– Анатолий Георгиевич, добрый день, бумажку мне подпишите.
– А, Олег, привет, давай.
Мы стояли по разные стороны здоровенной кучи промасленных труб шестиметровой длины, привезённых для какого-то ремонта. Трубы были сложены пирамидой в высоту сантиметров шестьдесят и в ширину метр с лишком. Я собрался перепрыгнуть её, но засомневался – неудачная попытка могла обернуться приземлением и катанием на заднице и спине по груде железа в машинном масле. Но пятидесятипятилетнему профессору – тренеру сборной Союза по альпинизму – такая мысль в голову не пришла – он сиганул с места, як та перепончата белка на мою сторону.
– Давай, где тебе подписать?
Расписался на нужной бумаге, скакнул обратно и умчался.
С какими интереснейшими людьми мне приходилось работать – сам себе завидую.
Защищался я в конце февраля, диссертация моя была под грифом «Для служебного пользования». Ничего секретного в ней не было, но элементы некоторых штампуемых деталей – пористые оболочки турбинных лопаток – были связаны с закрытой тематикой факультета энергомашиностроения, и мне пришлось поставить гриф ДСП. В лист лиц, допущенных к слушанию, я вписал человек тридцать – пришло примерно столько же. Защита протекала без всяких всплесков эмоций: выступил я, потом оппоненты, выступил Вячеслав Михайлович Епифанов, доцент кафедры Э3 – руководитель темы по турбинным лопаткам, не помню, может быть, кто-то ещё. Председатель Совета – Арзамасов Борис Николаевич – подвёл черту под выступлениями, и Совет ушёл совещаться, давать мне талон на повидло или не давать. Дожидаясь их решения, я рассеянно ходил возле развешенных мною листов, но в душе поднималось такое радостное волнение, какое бывает, когда ты закончил какую-то работу и знаешь, что сделал её хорошо. Появился Арзамасов, чтобы огласить вердикт Совета. Я стоял, слушал его и так разулыбился, что края губ явно уехали куда-то к ушам, стоял, в душе матеря себя: ну что ты улыбаешься, дебил, а вдруг тебя забаллотировали дружным решением Совета?

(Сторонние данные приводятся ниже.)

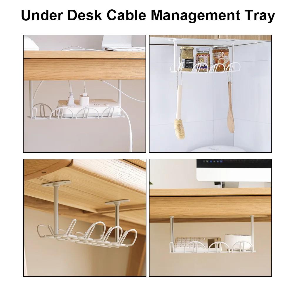 Подстольный стеллаж для хранения, стеллаж для сортировки проводов и полос питания, прочная подвесная клейкая розетка, лоток для прокладки кабелей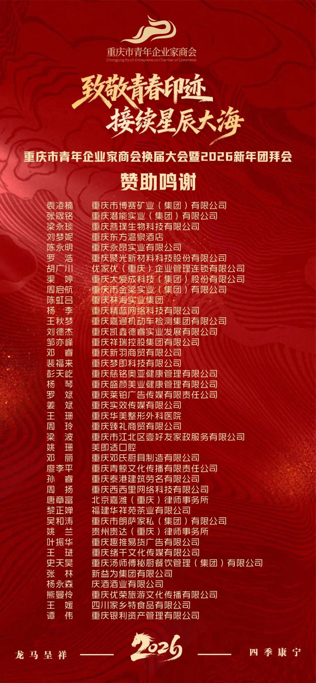 “致敬青春印迹 接续星辰大海” 重庆市青年企业家商会换届大会暨2026新年团拜会圆满举行

А если даже нет, не бог весть какое достижение – стать кандидатом в тридцать три года, но ничего не смог с собой поделать.
Борис Николаевич огласил:
– Решением Совета… все за.
По традиции поздравил меня, пожал руку.
Отмечали в тот же день у нас дома. Мама уехала ночевать к Катьке, Миху мы отправили к тёще с тестем, стол накрыли в комнате, где спали Минька с бабкой. Людмила наготовила всяких вкусностей, купил у Солдатенков хорошей водки разных видов, всё было как учили.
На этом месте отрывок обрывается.